I released version 0.2 of the spamquestion plugin last night. It now conforms to the requirements for a PyBlosxom plugin. The code is much cleaner too. Available from the usual place.
posted: Tue, 20 Nov 2007 15:53 | permalink | comments
Blog spam update
Well, two comment spams have made it past the spamquestion plugin. This makes me wonder if either the submissions were done manually or whether the software the spammers use is at least human assisted. I guess it's also possible that the spam software is so good that it can automatically work out my simpler arithmetic questions.
The web server logs give some clues. There's literally hundreds of obviously automated POST attempts to various pages on my blog. The requested related to the two comments that made it through however seem far more human however. Here's one example:
220.127.116.11 freshfoo.com - [03/Nov/2007:01:41:57 +0000] "GET /blog/Holland_photos_online.1024px HTTP/1.1" 200 11367 "-" "Mozilla/4.0 (compatible; MSIE 6.0; Windows NT 5.1; SV1)" 18.104.22.168 freshfoo.com - [03/Nov/2007:01:42:06 +0000] "POST /blog/Holland_photos_online#comment_anchor HTTP/1.1" 200 14928 "http://freshfoo.com/blog/Holland_photos_online.1024px" "Mozilla/4.0 (compatible; MSIE 6.0; Windows NT 5.1; SV1)"

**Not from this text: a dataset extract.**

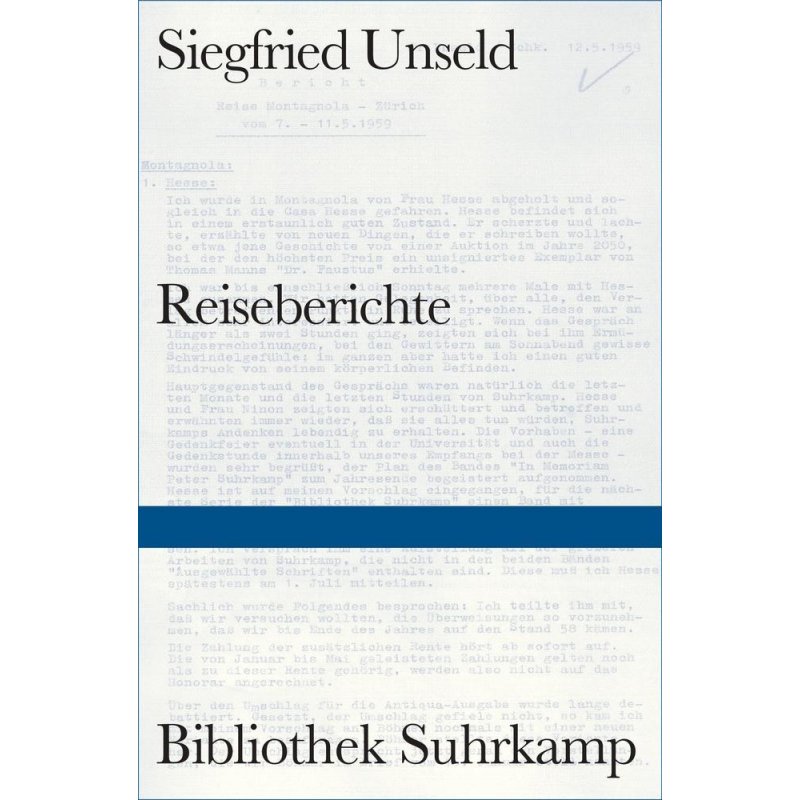 Zehn Tage nachdem Siegfried Unseld am 1. April 1959 die Leitung des Suhrkamp Verlags übernommen hat, reist er nach Ost-Berlin, um Brechts Witwe Helene Weigel zu besuchen. Zurückgekehrt, diktiert er den ersten der von ihm selbst so genannten Reiseberichte. In über 1500 Berichten hat er bis zu seinem Tod 2002 die für ihn und seine Mitarbeiter wesentlichen Resultate seiner Gespräche festgehalten. Die Weitergabe an Personen außer Haus war streng verpönt. Zum 70-jährigen Verlagsjubiläum wird das Betriebsgeheimnis nun gelüftet.Die spannenden Reportagen, darunter eindrucksvolle Schilderungen seiner Reisen nach Japan und Israel in den 1980er und 1990er Jahren, offenbaren einen Blick hinter die Kulissen des literarischen Lebens und bieten die einmalige Gelegenheit, den Aufbau des Suhrkamp Verlags aus der Sicht des Verlegers zu verfolgen. Sie dokumentieren die wichtigsten kulturellen Ereignisse innerhalb der letzten vier Jahrzehnte des 20. Jahrhunderts in Begegnungen zwischen Verleger und den für diese Zeit bedeutsamsten deutschen und internationalen Autoren mal dramatisch, mal entspannt urlaubend, mal kämpferisch.Die hier in Auswahl zum ersten Mal publizierten Reiseberichte Siegfried Unselds führen in die Welt des Verlegers und Verlegens mit all ihren Höhe- und Tiefpunkten, ihrem Glanz und Elend ob beim Geburtstag von Max Frisch in New York, mit Samuel Beckett in Paris, mit Peter Weiss in Kopenhagen, mit Jurek Becker in Leipzig, bei Ingeborg Bachmann in Rom, mit Amos Oz in Israel, mit Thomas Bernhard in Wien oder mit Peter Handke auf der ganzen Welt und zeichnen das Porträt der kulturellen Nachkriegsgesellschaft aus der Sicht eines ihrer wirkungsmächtigsten Akteure.

These are the only two HTTP requests made for the first spam that made it through; no dumb, repeated automatic requests like some of the other attempts in the logs. Notice how the parent page was visited first and then 9 seconds later the POST was made. That's pretty quick for someone to fill out the form manually but it's possible, especially if the spam body was ready in the clipboard. If their system is partially automated then the short delay is even more plausible.
To test whether some spambots are actually capable of doing simple arithmetic by themselves, I've removed all the addition and subtraction questions from my spamquestion configuration and have added more questions that are harder to answer programmatically. If the spam continues, then I'm going to conclude that there's definitely some human assistance going on. If it stops, then it's more likely that the spambot software was actually able to solve some of my arithmetic questions itself.
I also need to look at is short-term blocking of spamming IPs. When examining my logs I found there had been almost 500 comment spam attempts for just today! I'd rather not be dealing with that bandwidth on my server. Dropping all packets from a spammer's IP for a few hours would slow them right down.
Fun fun fun...
posted: Mon, 05 Nov 2007 22:49 | permalink | comments
Comments renabled, announcing spamquestion
Due to my recent comment spam issues I've created a new PyBlosxom plugin called spamquestion. It is similar to the existing Magic Word plugin but instead of using just the one question for any comment entry on the blog, it randomly selects a question from a larger set of configured questions. This makes it much harder for spammers to get past the comment form using automated software. Unlike CAPTCHA systems this scheme doesn't disadvantage visually impaired people or those on text based browsers.
The spamquestion plugin can be downloaded from my Code page.
Comments are now re-enabled on my site, with spamquestion enabled. It'll be interesting to see how the scheme holds up. I also plan to install the Akismet plugin as a second line of defense.
posted: Wed, 31 Oct 2007 23:17 | permalink | comments
Spam: good news and bad news
The bad news...
My blog was hit by a comment spammer last week. Hundreds of entries were made, interestingly focussing only a few articles (perhaps with a higher Google ranking?). Running without a CAPTCHA system or similar was good while it lasted. Comments are now disabled until I get around to installing a CAPTCHA style plugin.
Lazy web: what anti comment-spam technologies do you find work well for you? Is CAPTCHA the best option we have?
The good news...
I started using SpamAssassin for my personal email over a month ago. Having seen the complete ineffectiveness of some anti-spam systems I was fairly pessimistic about how effective it would be. Boy was I wrong. Without any tweaks to the default filtering config (except for ensuring that the latest rules are being used) it stops virtually spam hitting my mailbox with zero false-positives so far. I get 20-40 spams a day and 1 or 2 a month get through to my inbox.
My mail volume is comparatively low so I just set Procmail to invoke SpamAssassin for each inbound message. For higher volume situations something like SA's spamd should probably be used. Using Procmail has the nice benefit of being able to direct spam to a separate folder for later persual and deletion.
A cron job is set to run
sa-update ever night to ensure
the latest default checks are being used. This is important; spammers develop
new tricks to bypass anti-spam systems all the time.
Currently I have all suspected spam going to a spam folder. However SA has been so successful that I'm thinking of getting Procmail to automatically delete higher scoring spam and send only the lower scoring spams to the spam folder. Depending on attitudes towards false-positives some might just delete all emails that SA thinks is spam. Personally, I'd rather be a bit cautious. Losing real email scares me.
It's so nice when something works beyond expectation.